A First Principles Approach to BJJ

Principles are fundamental truths that guide decisions and actions. A first principles approach gives you a north star to cut through noise, identify what matters most, and make your skills work for you rather than feeling perpetually insufficient. Without principles, the temptation emerges to accumulate more BJJ knowledge because you can’t qualitatively apply what you’ve learned. You feel lost.

The dilemma in BJJ: we’re given instructions for specific outcomes but constantly fail to achieve them because our approaches are limited. We have a bag of tricks without knowing how or when to use them. Students become frustrated they didn’t “do the technique right” or “forgot something.” Every high-level performer will tell you performance isn’t about everything working exactly as planned—it’s about capitalizing on the moment you create. Can you control the direction of the match?

If BJJ manifests problem-solving, our purpose is to solve (submit) the problem (our opponent). Most problems can’t be solved—they can be managed. BJJ offers management tools through techniques that ladder toward submission. Your expression should always orient toward the finish or dominating positional flow.
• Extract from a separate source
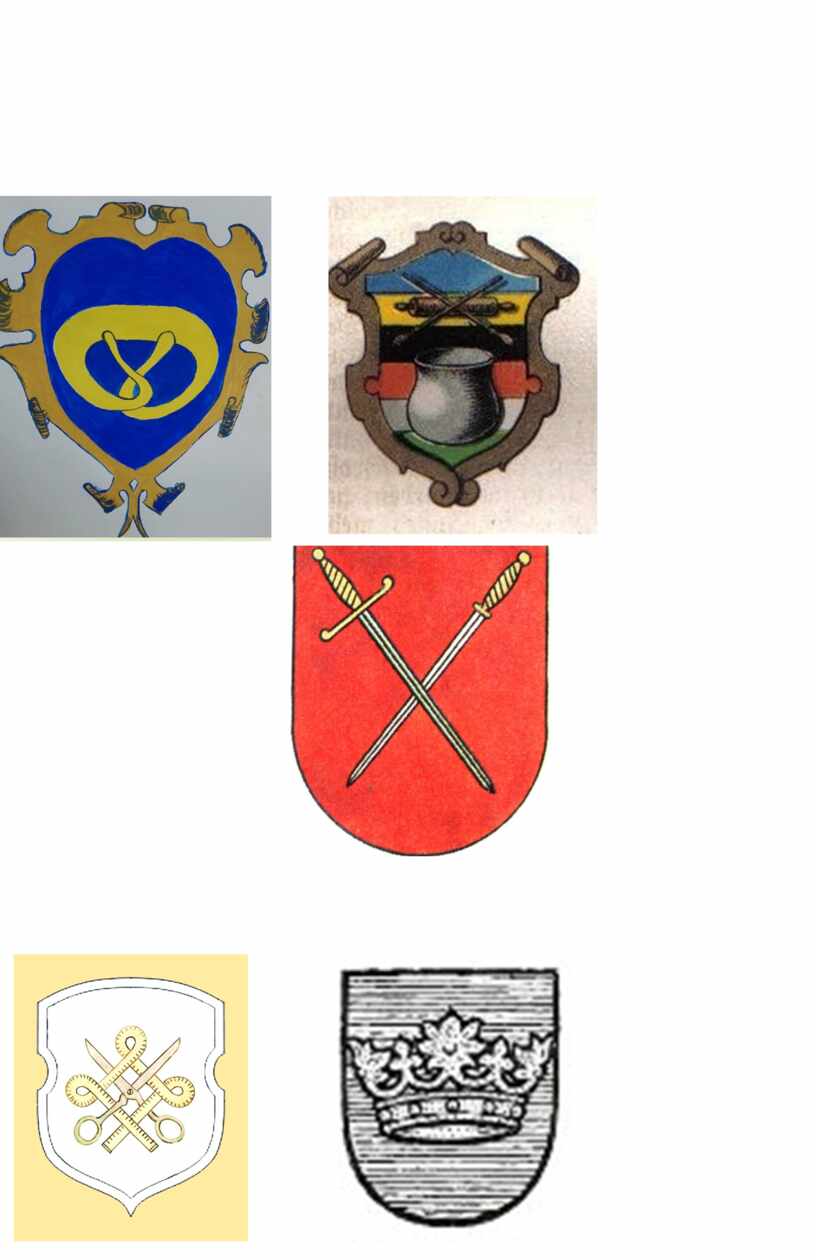- Во многих городах ремесленники объединялись в цехи. Каждый цех имел свой герб и знамя. Некоторые из них вы можете видеть на слайде. Как вы думаете, представителям каких ремёсел могли принадлежать данные гербы?

Fundamental principles help you organize your movements:

  • Position before submission
  • Control the hips
  • Control the inside
  • Posture and alignment beat strength
  • Base before pressure
  • Angles beat force
  • Off-balance before action
  • Eliminate posts for efficient movement
  • Dynamic over static energy
  • Timing and sensitivity over intensity and rigidity

For some reason, BJJ has worked backwards. We teach movements without students developing a sense of the greater system. We teach variable outcomes without fostering clarity about the end game. We overfocus on “how” without establishing “why.” This may be a flaw of teachers unquestionably adopting their teachers’ methods, but we need to pause, ask questions, sit with problems, and meaningfully address them—not scroll to another option. More doesn’t equal better.

To become better practitioners, don’t rush through what’s available. Understand the rules of the game better. This will make you 10x more effective than downloading another 100 instructionals. Nothing in BJJ or life has to be complicated—we just have to know what’s most important. Prioritizing first principles and quality will make you a much more effective grappler.